When we are emotional in making a trading decision, we tend to make a poorer decision. By determining what the roadmap is for your trading failures, you will be better able in the future to identify and avoid ‘high risk’ situations.
To help identify when these high risk situations occur, it helps to do an audit of all of our trades. Separate them in to winning and losing trades. Try to think back to how the market was behaving around the time of each trade. Write down each of the external elements that may have been prevalent at the time and may have influenced your trading decision for good or bad.

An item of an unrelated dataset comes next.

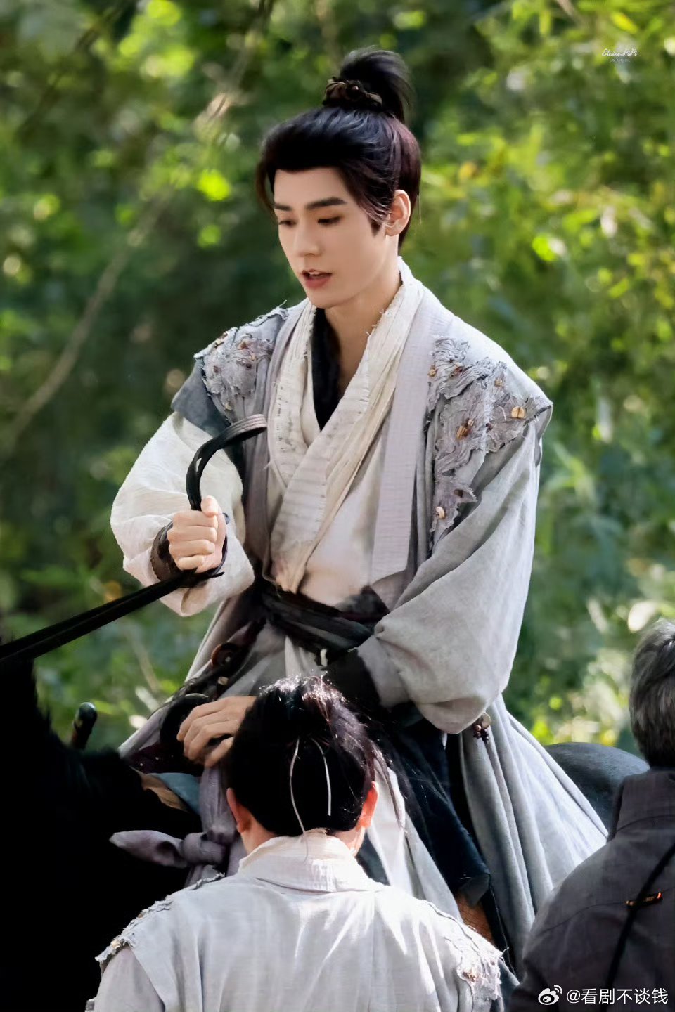 龚俊白衣公卿今日拍摄路透🈶可爱的丸子头逐渐变成了英气十足的高马尾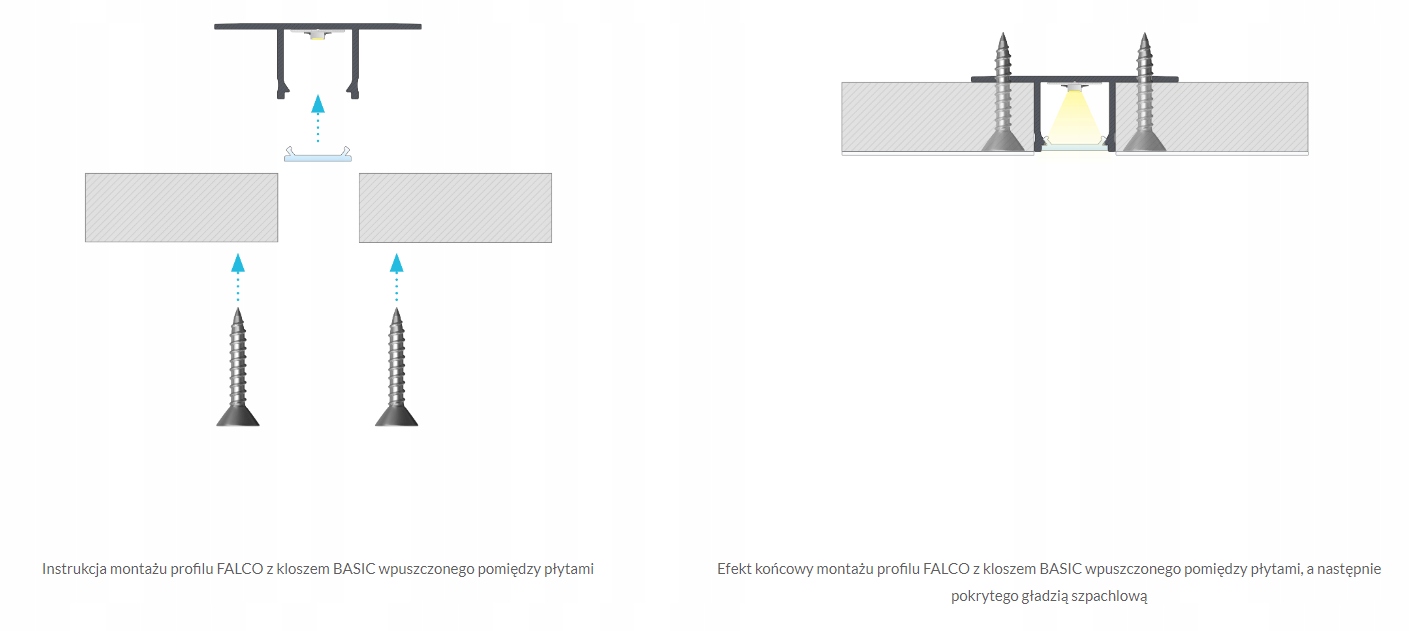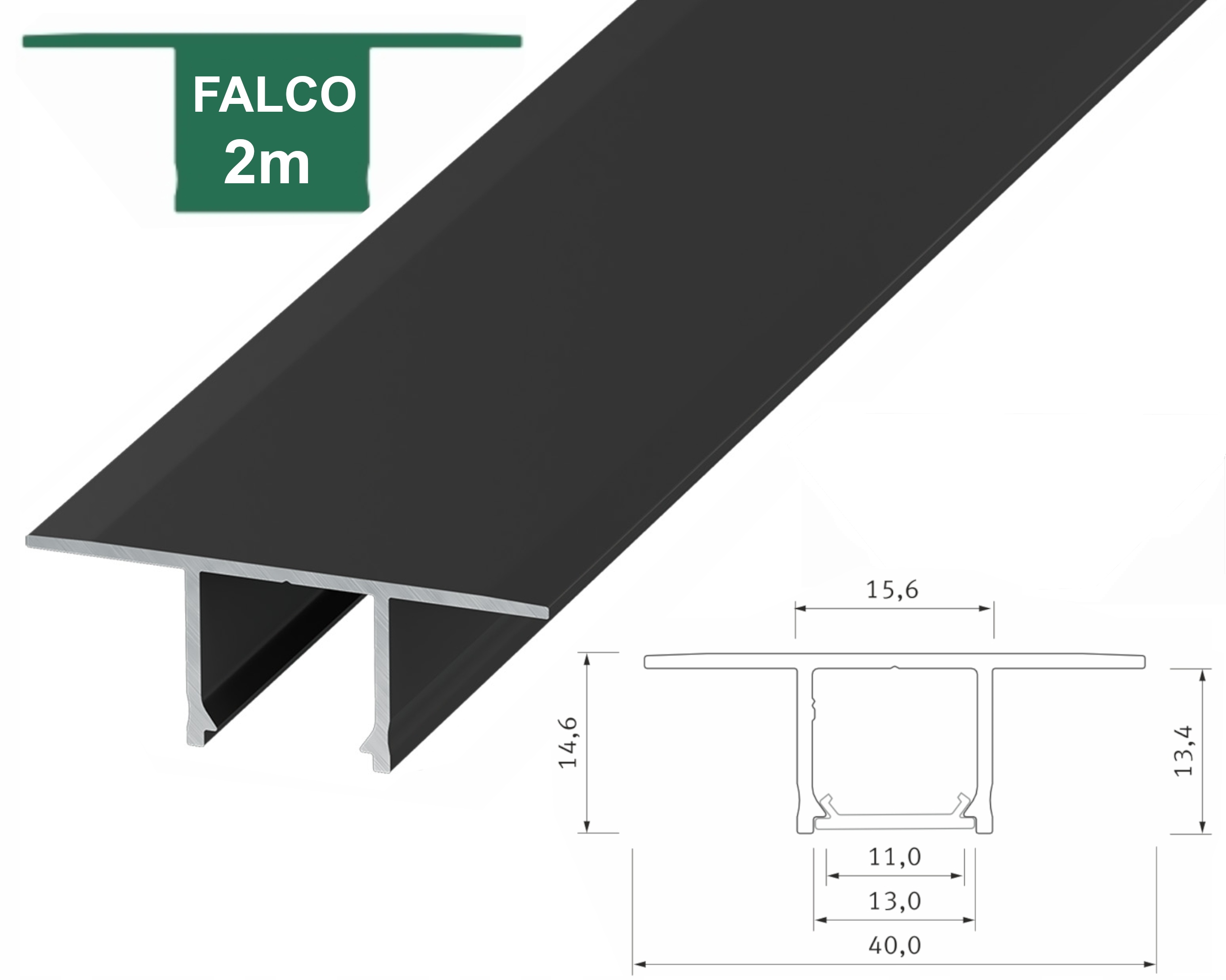 Алюмінієвий профіль типу FALCO призначений для вбудованої установки з широким спектром застосування. Одиночний світлодіодний профіль для установки між двома гіпсокартонними плитами. Це дозволяє швидко встановити за допомогою шурупів і завершити шпаклівкою без необхідності використання монтажної сітки.

For example, if you find that your losing trade entries were consistently made at times the market was highly volatile, or at a certain time of the day, or after a major announcement etc., it’s probably a good idea to refrain from making trading decisions at these times in the future.
As a more specific example – We find that three of our losing SPI trades occurred when we tried to buy the SPI after a sudden sharp drop in prices. We were only trying to scalp a few points on a bounce on each occasion, but each time, it turned out that the market continued to fall. Each time we didn’t use a stop, and it turned out that trying to scalp a few points ended up as a major loss.
We have found that trading in the craziness of the first 20 minutes of the session, or after a major news announcement on a company, consistently produces losing trades. We will now note each of these ‘high risk setups’ as confluences of negative influences on our trading. We simply won’t trade when these setups are in place.
As a more personal example, a little while ago, a company (let’s call it XYZ) made a dire announcement regarding its financial woes and opened down a whopping 60% – I can assure you there was a great temptation to ‘punt’ XYZ all day. There was bound to be many opportunities to scalp a few points each way. Right?
Maybe. I guess I’ll never know. I didn’t log into my trading account on that day. Nor did I log in the next day, or the day after that. You see, I simply didn’t trust myself not to look at XYZ, to not be tempted to ‘have a crack’ at picking the bottom, that is, to not stick to my trading system.
Based upon previous experience, I identified this scenario as a high risk time for me personally to trade – and simply stayed out of the market.
Would I have made a truckload by trading XYZ over those four days? Perhaps. But perhaps I would have lost a bundle as well. It simply wasn’t worth finding out. The risk to reward in such a scenario simply wasn’t there.
Incredibly, for my near one-week break from trading anything during the Australian day session, I am none the worse off. I can still function as a human being, none of my existing positions were adversely affected by my forced absence, and the market is still there! Hopefully, that’s enough proof for all of you that taking a break from the market will also have similar results.